How do I add an eval command for 'emailsent' and how would I go about making sure the emails sent to multiple users have the same Subject?

Thx

0 Karma
1 Solution

DalJeanis
Legend

If someone normally sends 1 email 90 percent of the time, but occasionally sends 5 or 10, it would trip the threshold. So, let's throw out all the single emails before we calculate avg and SD. And let's round the avg and stdev up using the ceiling function.

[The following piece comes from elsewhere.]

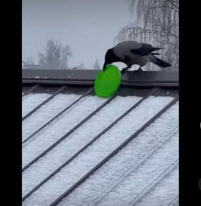 You won’t believe what this clever crow uses to slide down a snowy roof
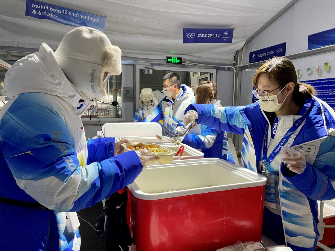 在完成自己本职工作之余,我也积极支援其他小组的工作。由于观众入场时客流量较大较密集,其他岗位的志愿者工作压力较大,我会积极协助运行支持团队的小伙伴们为观众发放冬奥会小旗子、墨镜等物资,并为有需要的观众提供信息咨询服务。另外,遇到一天接连两场比赛,志愿者们没有时间去餐厅就餐,需要分批次在场馆用餐的情况,我也会主动协助主管帮助大家打饭取餐,尽量保证赛事服务领域的每位志愿者都能吃到热乎乎的晚饭。

Also, let's set an absolute lower bound as well. Say, the person has to send at least 10 emails before tripping the rule.

Try this -

 index=email NOT Status=Quarantined NOT Status=Failed SenderAddress=*.xyz.com 
 | stats count by SenderAddress Subject 
 | search count > 1
 | eventstats avg(count) as AvgOfCount, stdev(count) as StdevOfCount, max(count) as MaxOfCount by SenderAddress 
| eval AvgOfCount = ceiling(AvgOfCount)
| eval StdevOfCount=ceiling(StdevOfCount)
 | threshold = max(AvgOfCount + 4 * StdevOfCount,10)
 | eval KeepMe = if(count >= threshold, 1,0)
 | search KeepMe=1

Cripes, I reversed the test. Keep the ones that are GREATER than the threshold. Duh. Fixed.

View solution in original post

DalJeanis
Legend

If someone normally sends 1 email 90 percent of the time, but occasionally sends 5 or 10, it would trip the threshold. So, let's throw out all the single emails before we calculate avg and SD. And let's round the avg and stdev up using the ceiling function.

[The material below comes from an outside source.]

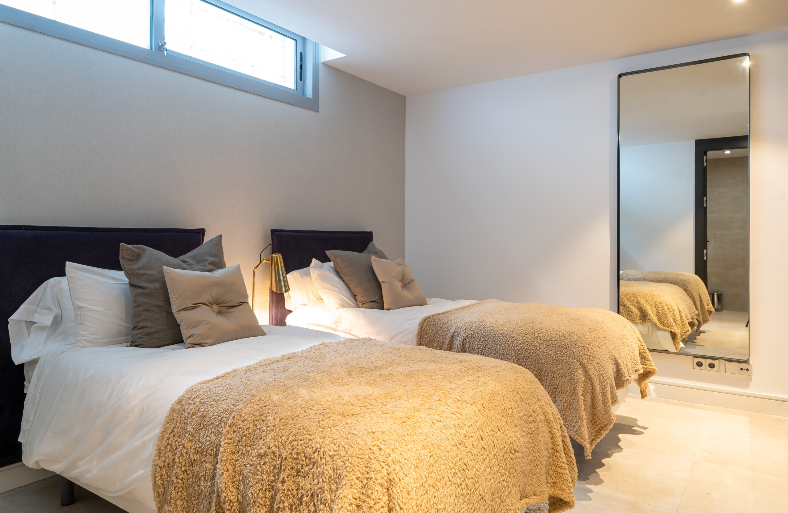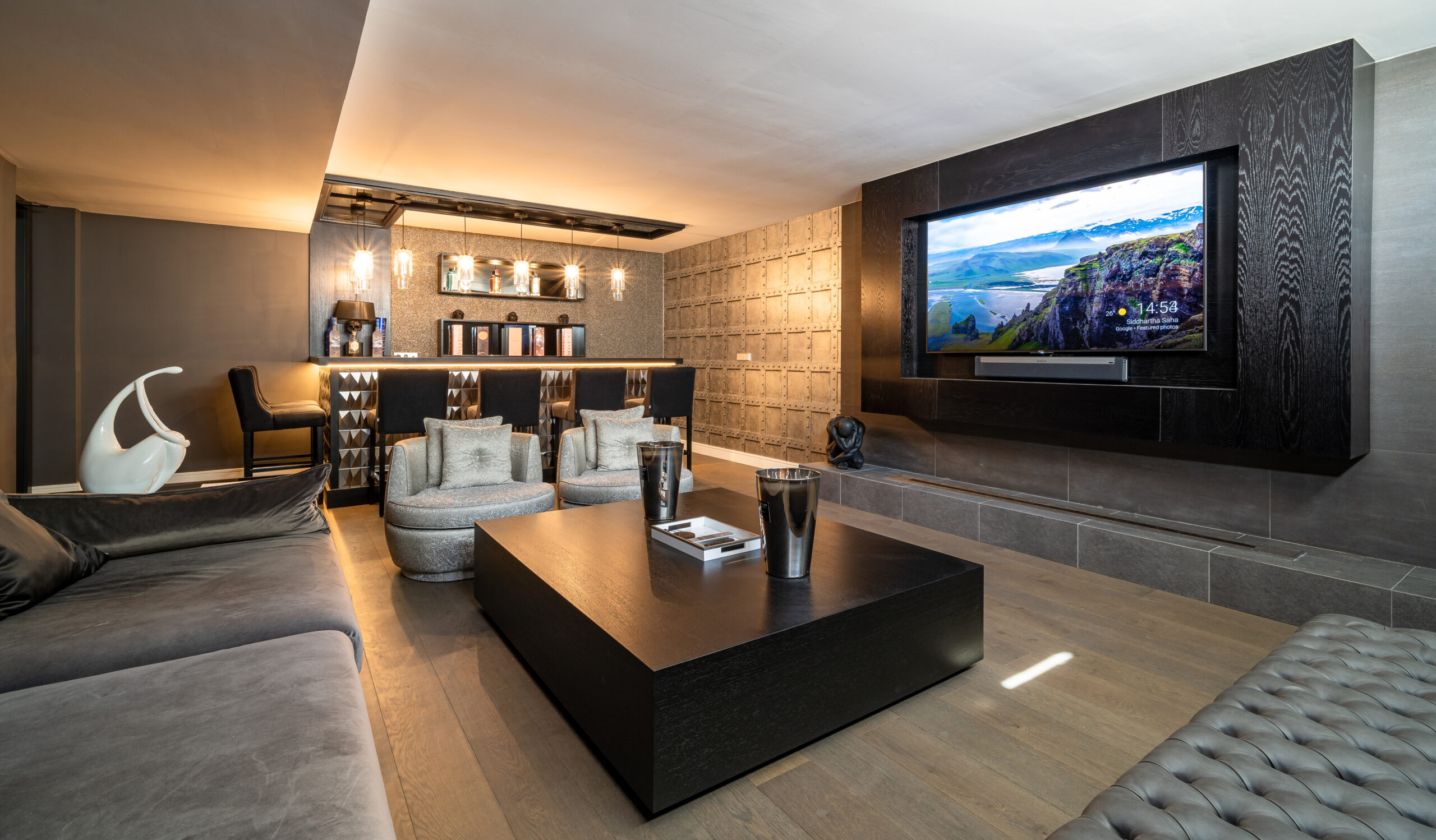 The villa includes a spectacular basement with a stylish bar, a state-of-the-art gymnasium featuring Eleiko gym equipment which takes training to another level of fitness. Also featuring is a exquisite comfortable cinema room. This area is perfect for entertaining and adds a touch of sophistication to the property’s facilities.

Also, let's set an absolute lower bound as well. Say, the person has to send at least 10 emails before tripping the rule.

Try this -

 index=email NOT Status=Quarantined NOT Status=Failed SenderAddress=*.xyz.com 
 | stats count by SenderAddress Subject 
 | search count > 1
 | eventstats avg(count) as AvgOfCount, stdev(count) as StdevOfCount, max(count) as MaxOfCount by SenderAddress 
| eval AvgOfCount = ceiling(AvgOfCount)
| eval StdevOfCount=ceiling(StdevOfCount)
 | threshold = max(AvgOfCount + 4 * StdevOfCount,10)
 | eval KeepMe = if(count >= threshold, 1,0)
 | search KeepMe=1

Cripes, I reversed the test. Keep the ones that are GREATER than the threshold. Duh. Fixed.

jwalzerpitt
Influencer

Thx for the new search. I ran that and I'm down to 102 events, which is a great reduction.

However, let me throw another wrench into this if you don't mind 🙂

Right now when I pick a time from the time picker, I'm limiting the average to that exact time, but what I wanted to get a rolling average. For example, say I have a user who if I ran a search with eventstats avg(emailsent) for all-time returns an average of say 3.2. Running the same search but for the last 24 hours, the average is now 6.82.

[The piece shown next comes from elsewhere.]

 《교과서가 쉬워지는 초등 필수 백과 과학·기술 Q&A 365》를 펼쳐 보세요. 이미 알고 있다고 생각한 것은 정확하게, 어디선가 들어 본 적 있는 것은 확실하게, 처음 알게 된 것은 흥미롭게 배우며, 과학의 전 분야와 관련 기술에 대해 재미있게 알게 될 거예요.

if possible, I'd like to look at the average for the user for a larger time period (say 3 or 6 months) to get a more accurate look at their average, which would help smooth out some spikes. Would that be possible

0 Karma

DalJeanis
Legend

Sure, anything is possible.

Tell you what, I'll promote the above comment (that worked) to an answer, you can accept it and we'll close this question.

Post a new thread with this as the starting search, asking how to get the average over a greater time. Basically you'll move all of that into a subsearch, then inner join only the current stats for the shorter term to the values returned from the subsearch.

0 Karma

jwalzerpitt
Influencer

Sounds good - thx

0 Karma

jwalzerpitt
Influencer

Posted question as, "How to create a search for moving average for email sent per user"

Thx

0 Karma

jwalzerpitt
Influencer

After mucking around a bit, I believe I came up with a decent search. Search is as follows:

| stats count as RecipientAddress by SenderAddress Subject
| eval emailsent=(RecipientAddress)
| eventstats avg(emailsent) as avg stdev(emailsent) as stdev by SenderAddress
| stats max(emailsent) as maxsent, values(avg) as avgpersender, values(stdev) as stdevpersender by SenderAddress
| eval threshold = 4 * ( stdevpersender + avgpersender ) | where maxsent > threshold

Basically, I'm trying to calculate the baseline of each sender and then isolate the outliers who are sending greater than four times their standard deviation to show me potential indicators of compromise.

0 Karma

DalJeanis
Legend

Try this -

index=email NOT Status=Quarantined NOT Status=Failed SenderAddress=*.xyz.com 
| stats count by SenderAddress Subject 
| eventstats avg(count) as AvgOfCount, stdev(count) as StdevOfCount, max(count) as MaxOfCount by SenderAddress 
| eval KeepMe = if(count > AvgOfCount + 4 * StdevOfCount, 1,0)
| search KeepMe = 1

That should return you the email events that exceed 4 SDs from the sender's usual mailing list size.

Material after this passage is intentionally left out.